I have browsed through your project and I really appreciate the detail you’ve gone into explaining the process. I am curious, with the processing power of the BNO055, would it be possible to ran double integration and fft to obtain real time displacement from the IMU without going through an arduino only. I am not familiar with MATLAB and was thinking of playing around with a similar project since I’ve got one of those IMU’s available.

thanks

Hey Rich,

Yes I’m sure that it is possible. I started out with Matlab in an attempt to figure out what kind of algorithm would work best with the intention of then moving to a microcontroller. Life got in the way and I never for around to that.

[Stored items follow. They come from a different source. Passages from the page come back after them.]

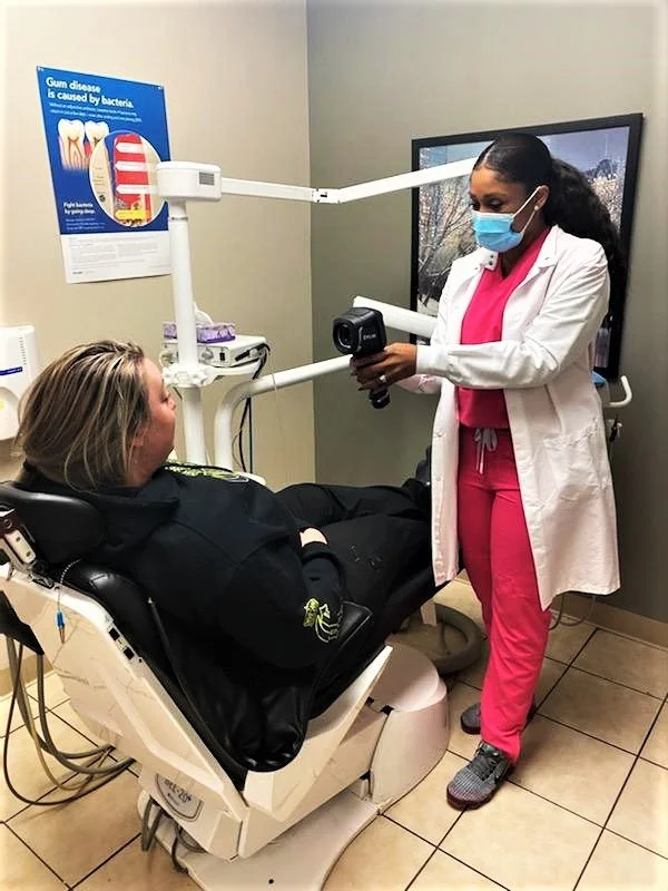 Photo pictured shows RDH Sasha Bryant demonstrating the use of DMT Scan imaging inside dental offices.
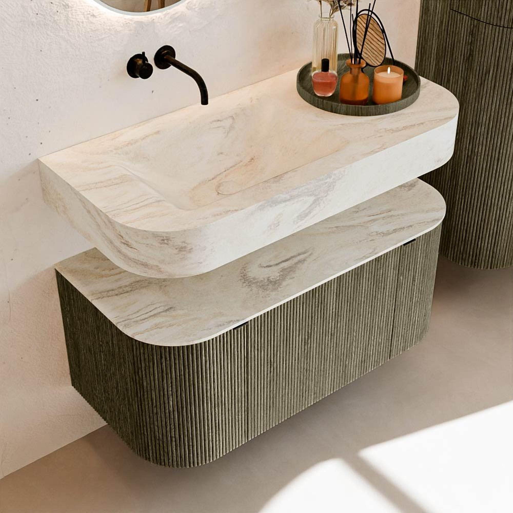 Boven het meubel zweeft een bijpassende, vrij hangende wastafel met afgeronde hoeken – perfect afgestemd op de vorm van de kast. De wastafel is uitgevoerd in Solid Surface en volgt subtiel de lijnen van het onderliggende meubel, waardoor een harmonieus geheel ontstaat. Het Solid Surface topblad vormt een sterke, onderhoudsvriendelijke basis en maakt de combinatie compleet.
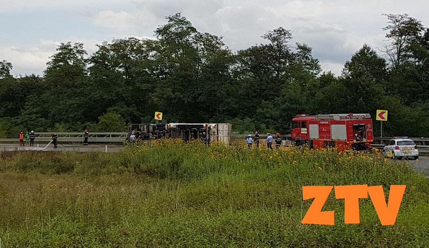 dealul Criseniului in urma cu putin timp. Pompierii au scos soferul din cabina, l-au predat echipei SMURD care a acordat ingrijiri medicale si l-a transportat la spital.
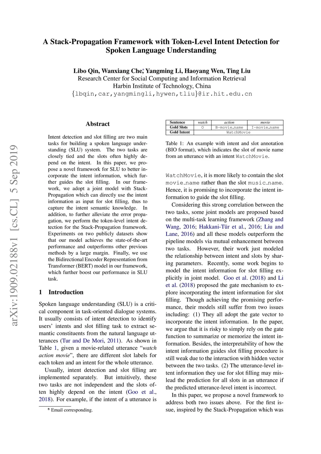 A Stack-Propagation Framework with Token-Level Intent Detection for
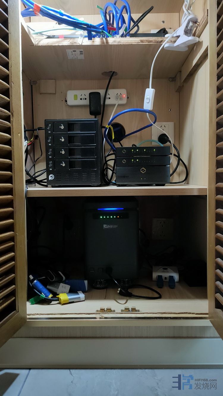 装修时,邻内过道一侧,在主卧室衣帽间划出一个小空间,做的网络设备中心,最上层是光猫+18口换机,第二层是硬盘柜+Silent Angel仙籁N8网络交换机两台串联(搭配同厂线电),最下面一层是威联通NAS,内插4x18T硬盘,硬盘阵列后组建48T的家庭无损音乐资源库,目前已经拷贝了接近27T的资源入库,为新房的两台数播提供充分的无损音乐资源,估计200年内24小时连续播放不会重复一首曲子
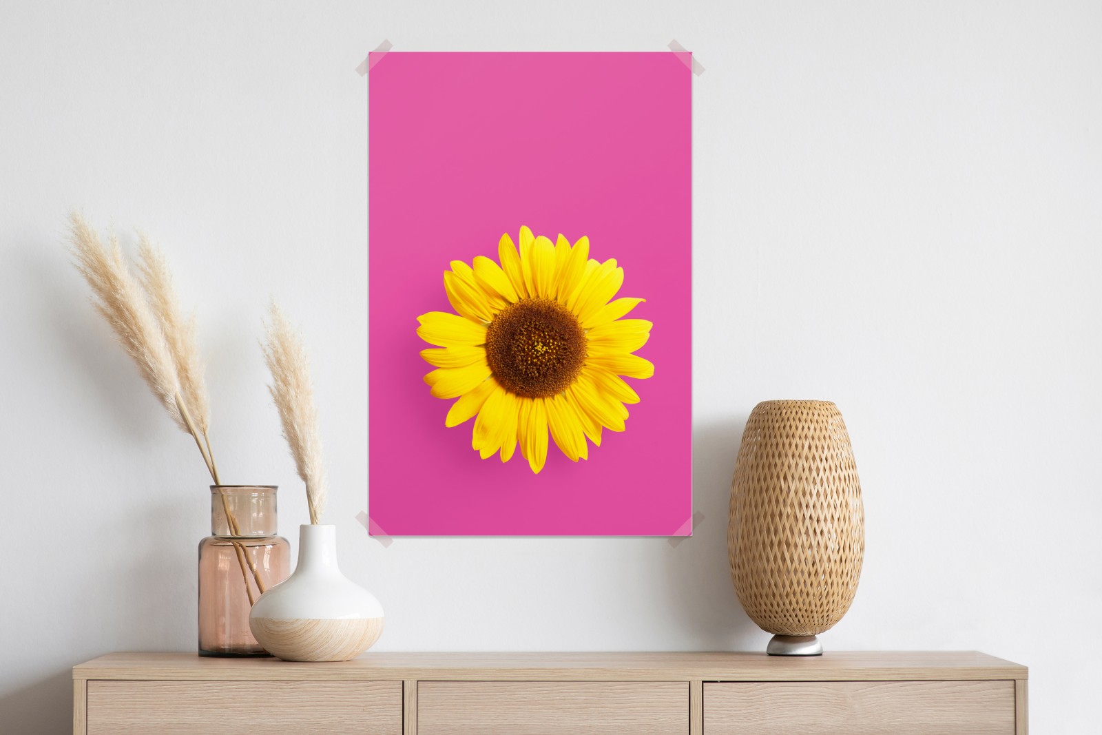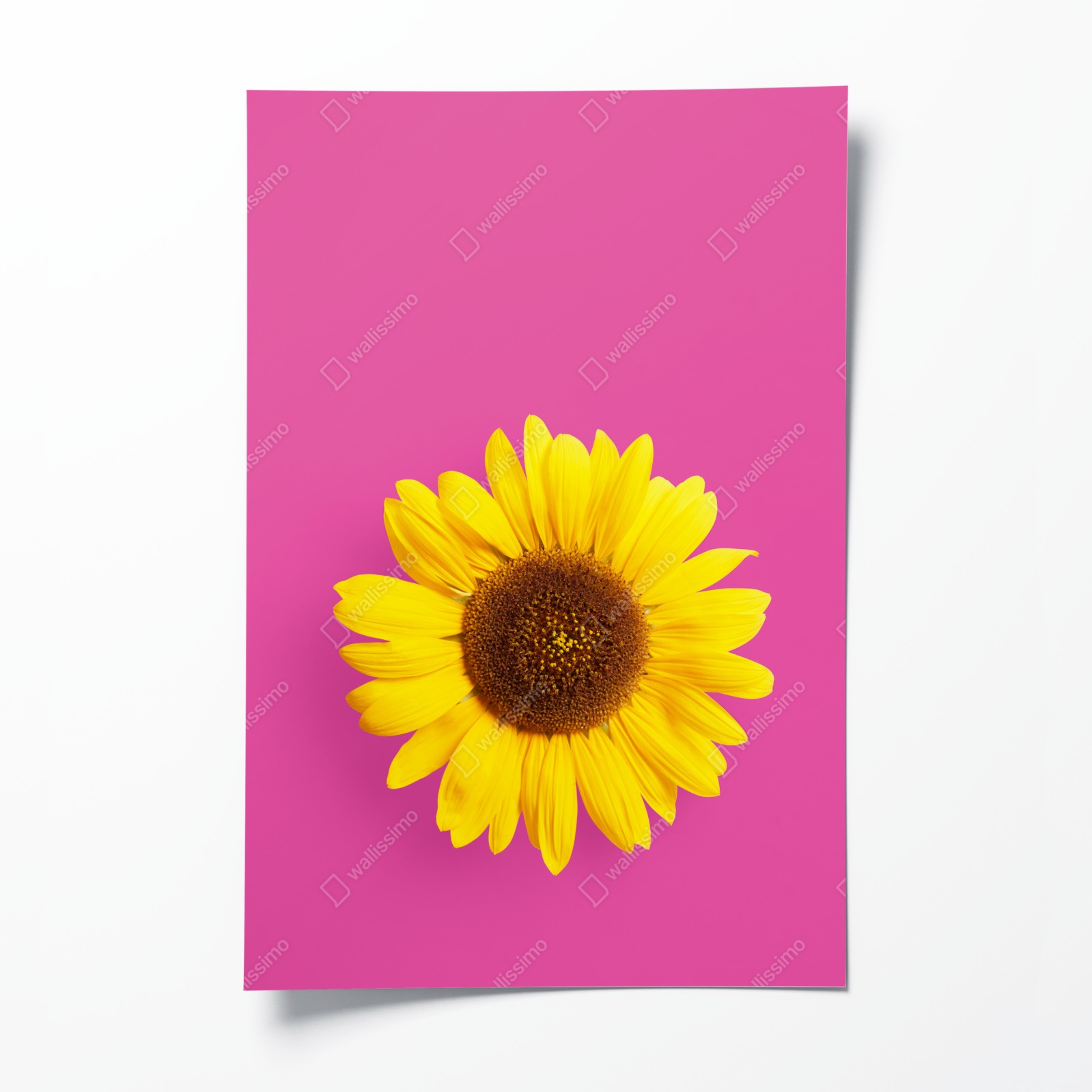 Jasny słonecznik na żywym różowym tle wnosi ciepło i radość do wnętrza.

One of the main reasons I even started this project is I used to work in the marine data industry. One day my manager plops a new sensor on my desk and asked my to write a driver for it. He told me it cost ten thousand euros and to be careful with it. It was an ocean wave sensor. I cracked it open to take a look at the PCB inside and they had the microcontroller from a teensy (cant recall which one, 2 or 3 probably) and an accelerometer. It was then that I realised that even though these wave sensors sell for thousands of euros, the hardware they use is relatively cheap. The magic sauce is in the algorithms. I would love to see an open-source open wave sensor out there.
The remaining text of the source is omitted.